A woman dies every day from a clandestine abortion

“And to bleed, you had to infect the egg, continues the doctor. The only solution was to put a small probe in the uterus, a scoubidou or something, and leave it in place until it bled and became infected. This led to disasters…” In the 1970s, a woman died every day as a result of a clandestine abortion. Others emerge mutilated and sterile. Women who can afford it go abroad: England, Holland, Switzerland… where abortion is legal and safe. It was before the vote in 1975 of the law relating to the voluntary termination of pregnancy brought by Simone Veil.

“I left for Switzerland. We went from Paris to Lausanne in five hours.
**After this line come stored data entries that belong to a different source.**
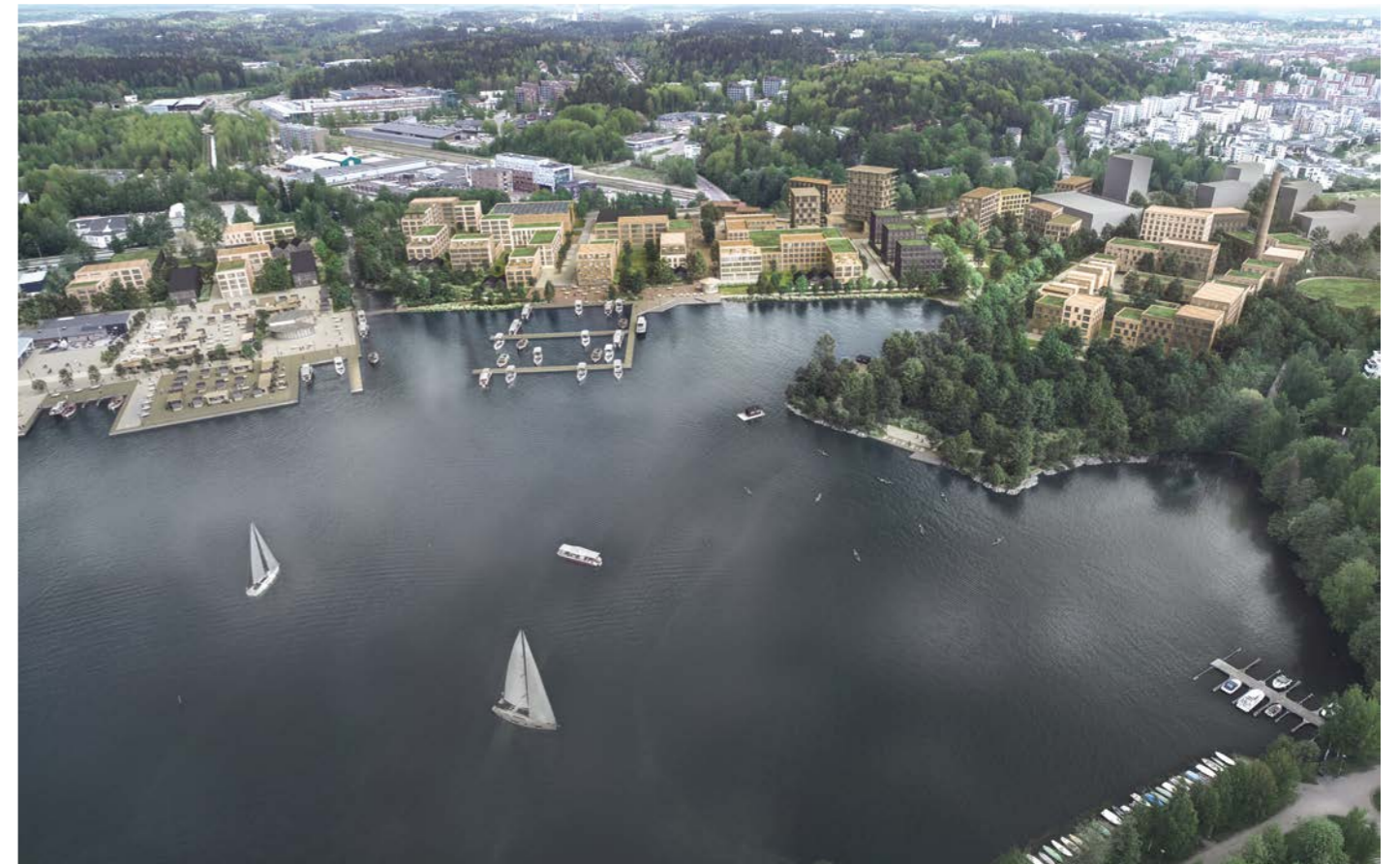
ilmakuva / aerial view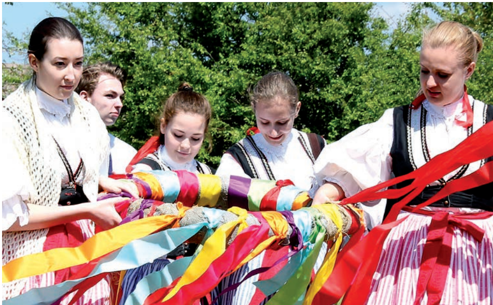
Stavění máje a otevírání pastvin na Rochusu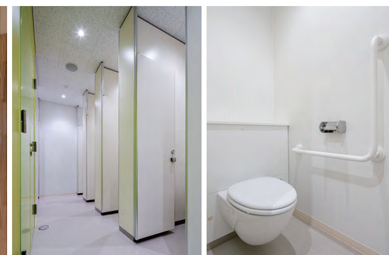
2F 西側 女性用トイレ

個室同士の間仕切りは天井までであるため、落ち着いて利用できる。混雑時も連続して利用できるクイックタンク式の大便秘器を採用。壁掛式のため足元の清掃性も高い。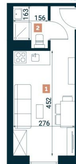
Rzut lokalu nr 13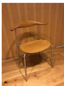
イス 13脚 横 45cm 縦 36cm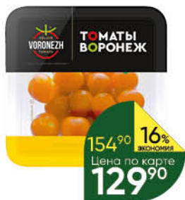
Томаты черри жёлтые, 200 г

154 90 16% ЭКОНОМИЯ Цена по карте 129 90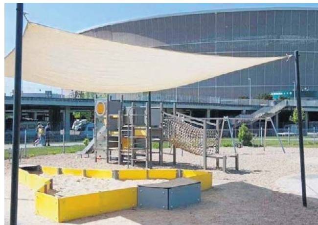
Żagle zamontowane na wrocławskich placach zabaw mają chronić dzieci przed słońcem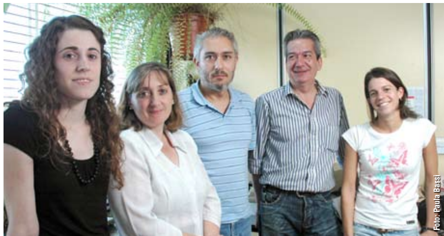
(De izq. a der.)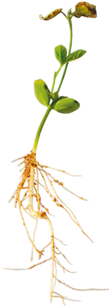
Figura 03: Sintoma de deficiência de Cálcio em soja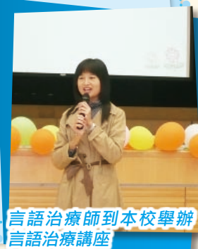
言語治療師到本校舉辦言語治療講座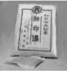
『加世田血のくすり・神命湯』

「神命湯」は、葛根、川芎、蘇葉、芍薬、当帰、茯苓、香附子、羌活、陳皮、白朮、遠志、牡丹皮、酸棗仁、地黄の十四種類の生薬から構成される処方だ。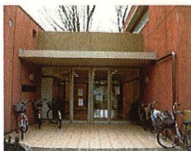
グリーントウン美住一番街第1集会所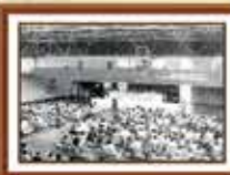
2º Encontro Nacional dos Empregados da Caixa, atividade preparatória para a Campanha de 6 Horas e o Direito à Sindicalização - 1985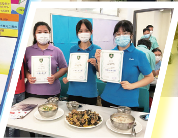
第二屆制服及青少年團隊 烹飪邀請賽 (性價比最高獎)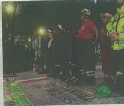
Brigadistas de 1985 montaron una guardia en la Plaza de la Solidaridad.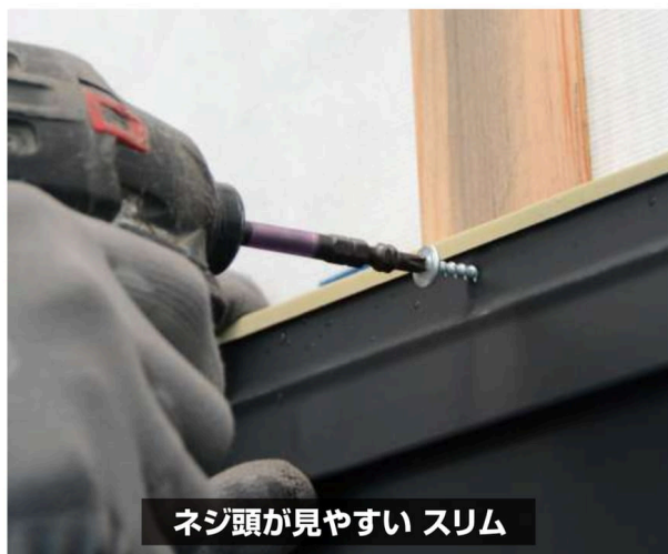
ネジ頭が見やすい スリム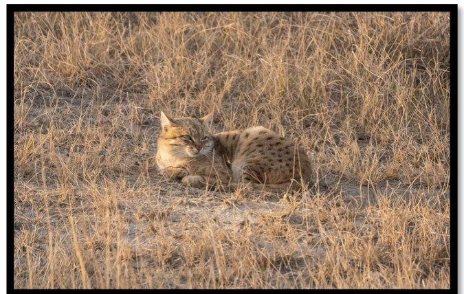
Felis silvestris (Desert cat)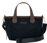
MD25193-3 Pag. 31 $499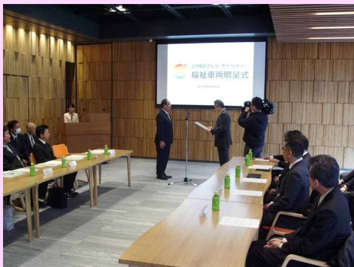
贈呈状授与の様子

24 時間テレビの寄附にご協力いただきました皆さまの趣意に添うよう、有効活用させていただきます。職員一同、心よりお礼申し上げます。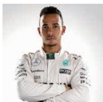
O inglês Lewis Hamilton é o piloto mais bem pago da F-1.

Hamilton, Vettel e Ricciardo estão entre os esportistas mais bem pagos do mundo. A Forbes divulgou a lista anual de atletas mais bem pagos do mundo, com destaque para Neymar Jr, na 4ª posição.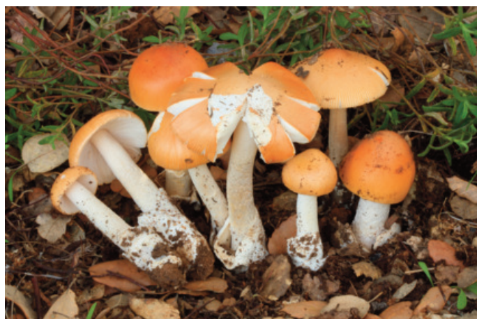
Figura 29. Amanita crocea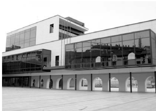
Udaletxe berria erabili ahal izateko 600.000 euro ordaindu behar ditu Udalak.

Era berean, Bilduko Tasio Arriabalagak eta LOHP Ana Isabel Prietok PSE-EEK hainbat komunikabideetan argitaratu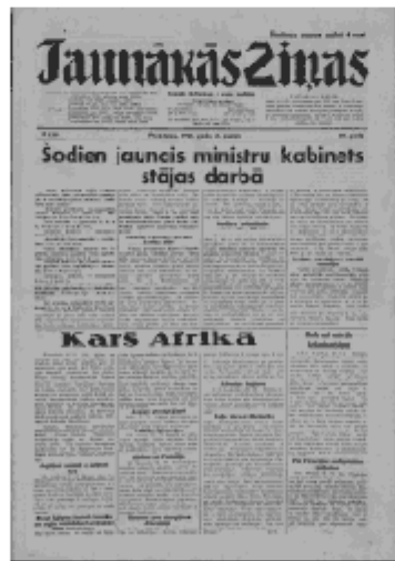
Jaunākās Ziņas Piektdiena, 21. jūnijs, 1940 1. lapa

And I said to myself that, in five hours, I can ask a doctor the question, be seen in a clinic”, Simone Iff, president of Family Planning from 1973 to 1981, testified in 2012.When they asked me why I came, remembered the abortion rights activist who died in 2014, I was unable to tell that it was for an abortion. In front of my face, the person at reception said to me with a big smile: ‘An abortion?’ I answered yes. The word was said. The thing was written in a medical notebook. There, I said to myself that in France it must be like that.”